A Summary of the Supersonic Pressure Drag of Bodies of Revolution

Published in: Journal of the Aerospace Sciences, v. 29, no. 7, July 1961, p. 564-572

Posted on RAND.org on December 31, 1960

by Deane N. Morris

A number of approximate theories for supersonic and hypersonic flow over bodies of revolution at zero angle of attack are appraised by a critical comparison with characteristics and second-order results, with the use of hypersonic similarity as a basis for the comparison. Most of the approximate theories are inadequate except over very limited ranges of fineness ratio and Mach number. The combination of second-order supersonic theory and second-order shock-expansion theory provides consistently good results throughout the supersonic speed range.
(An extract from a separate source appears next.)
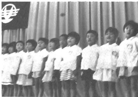
横瀬保育所園児が歌・遊戯で出演

九月十五日は「敬老の日」。この日、午前十時から勝浦中学校体育館に七十歳以上のお年寄り六百人を招いて、第十五回敬老町民のつどいが開催されました。

On the basis of exact (or nearly exact) supersonic solutions and a limited amount of test data and theory in the transonic region, summary design curves are developed that give the pressure drag of conical and ogive noses and conical and ogive boattails over the complete range of transonic, supersonic, and hypersonic Mach numbers. Other shapes can be analyzed in the same manner, provided that an equivalent amount of data is available. The analysis is made with the assumption of inviscid flow, so that the effects of boundary-layer growth, shock-boundary-layer interaction, and flow separation are not included. The present correlations provide a sound basis of inviscid-flow results from which these additional viscous effects can be evaluated.